The Inclusive Push for GeoDesign

by Matt Ball on January 8, 2010

In the final day of the GeoDesign Summit it was widely acknowledged by ESRI that the concept of GeoDesign is not theirs alone and that it needs to involve other vendors and be driven by educators, researchers, technologists and practitioners. There was widespread enthusiasm to continue the conference and to promote the concept more broadly.

Even though ESRI has fostered and funded the event and has jump started the concept, Jack Dangermond made apologies that the idea has become branded ESRI. He made the commitment to push GeoDesign away from the ESRI website to let it stand alone, and to foster more inclusive development of the concept.

Discussions of outreach included the idea of engaging various association communities such as the American Planning Association, the American Society of Landscape Architecture, the American Institute of Architects, the Association of American Geographers, and others. The American Planning Association was present and committed to the idea of sessions and panels at their conference and features within their magazine and journal. Similar outreach is expected within other associations and communities. The inclusion of engineers and construction communities was also explored. The designs will eventually be built, and it’s important to engage those that put the plans into practice.

The idea of a book or books was discussed, and there was a good degree of debate about whether a book was the right medium and whether it should be a coordinated effort. Various ideas for wikis and other collaborative sites were discussed as an alternative or addition to a hard bound and finite collection of ideas.
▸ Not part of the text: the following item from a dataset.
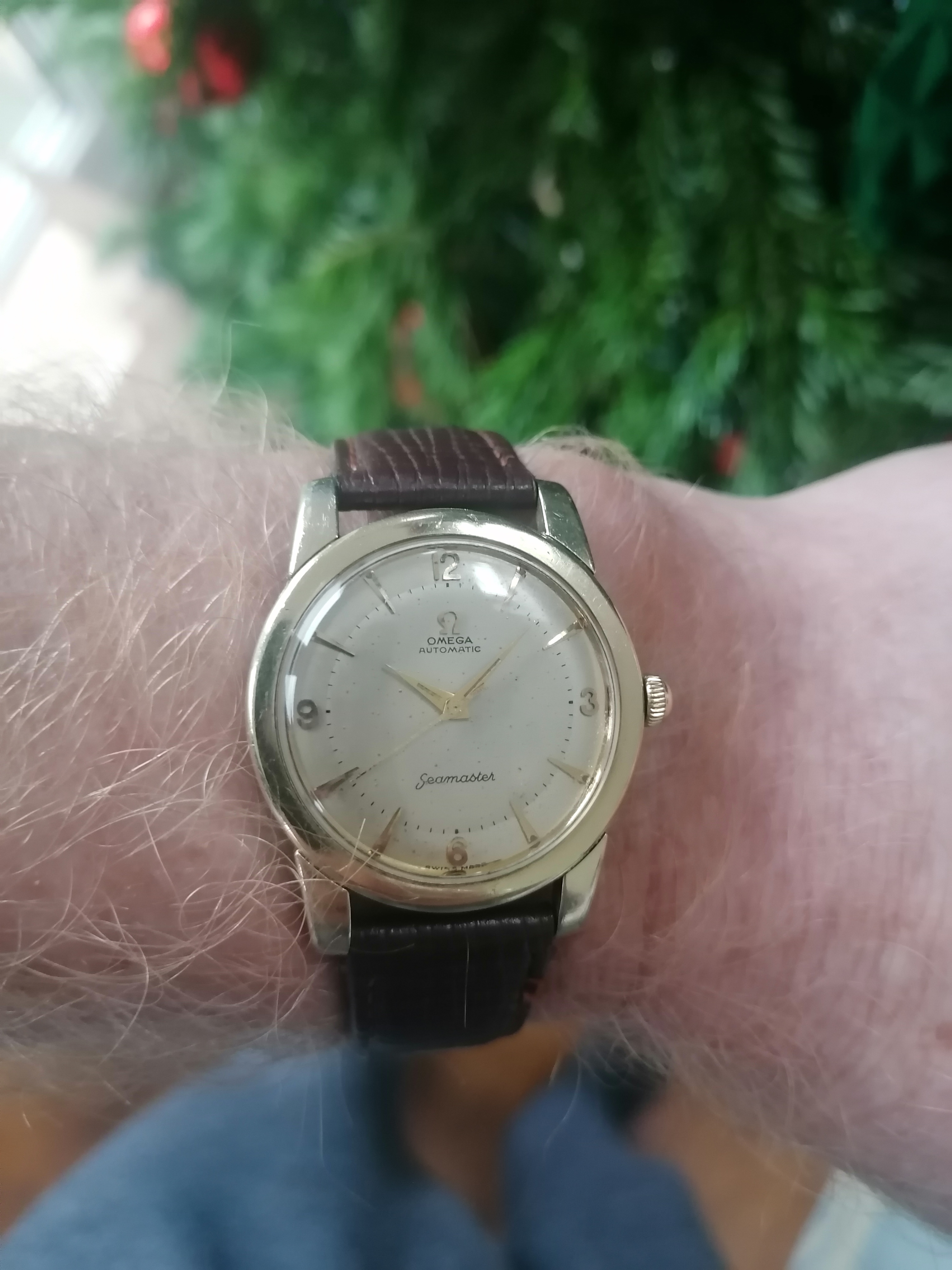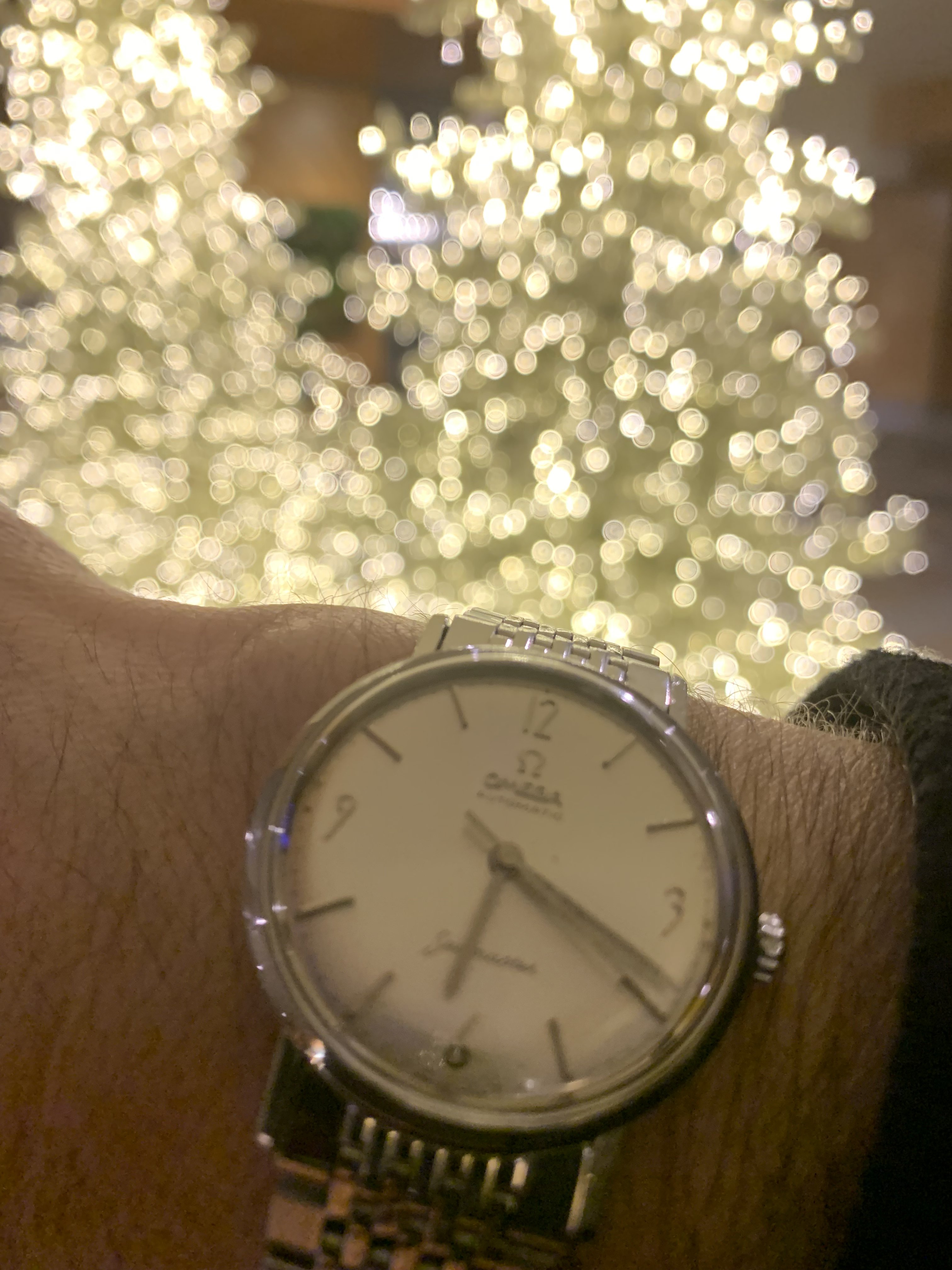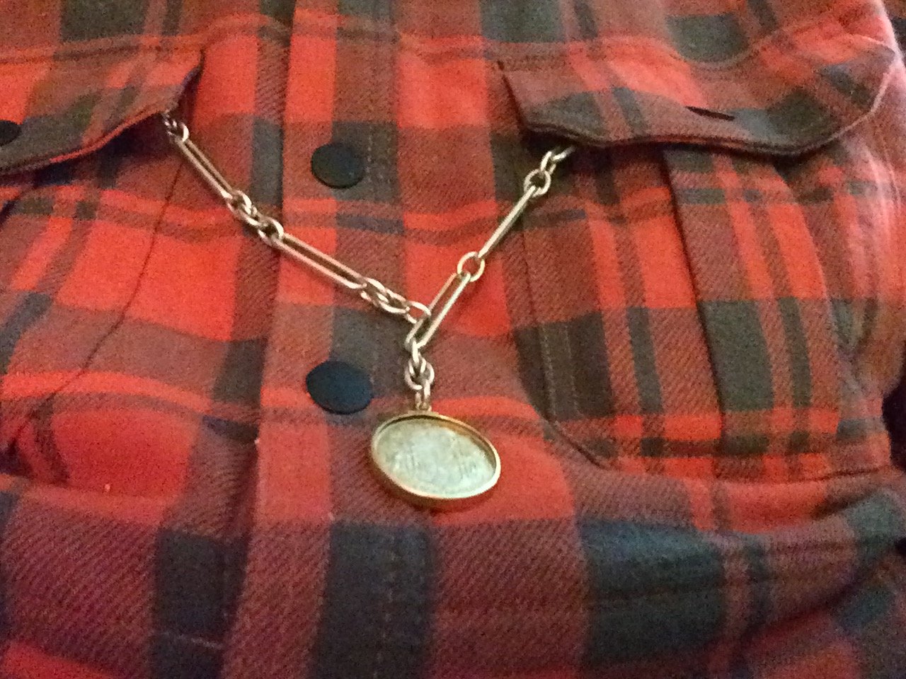 I decided to also wear a pocket watch on Christmas Day. An informal day, so no vest. But my lumberjack shirt is cozy on a -25° C day. I’m wearing my 135 year old Stewart Dawson, Liverpool, sterling silver, key wind, key set pocket watch on my 66 gram (over 2 ozs. Troy) waldemar chain, replete with a Canadian silver 50 cent piece in a coin frame.
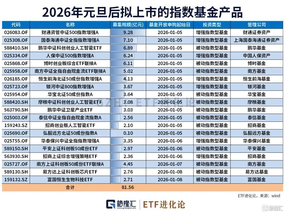 Wind数据显示,元旦后预备上市的指数基金共有20只,合计规模为81.56亿元。

Funding for research was discussed, with the idea of a new approach to the National Science Foundation. The Department of Energy was also suggested as a source for funding for projects along the lines of combating climate change. There was also discussion of environment-oriented associations and the possibility for funding on a more local or regional scale for research projects and agendas.

The participants in the event were heavily North American, and the idea of broader global participation was also suggested. The idea of funding from the international communities such as the United Nations and World Bank was of interest to broaden the scope. It was suggested that there are more designers and planners internationally than there are geospatial users, and there are opportunities to spread the word worldwide, particularly with the expressed intent to change the world.

At the close of this event, the participants are energized and there are a large number of action items with people making commitments to continue work to see the concept live and grow.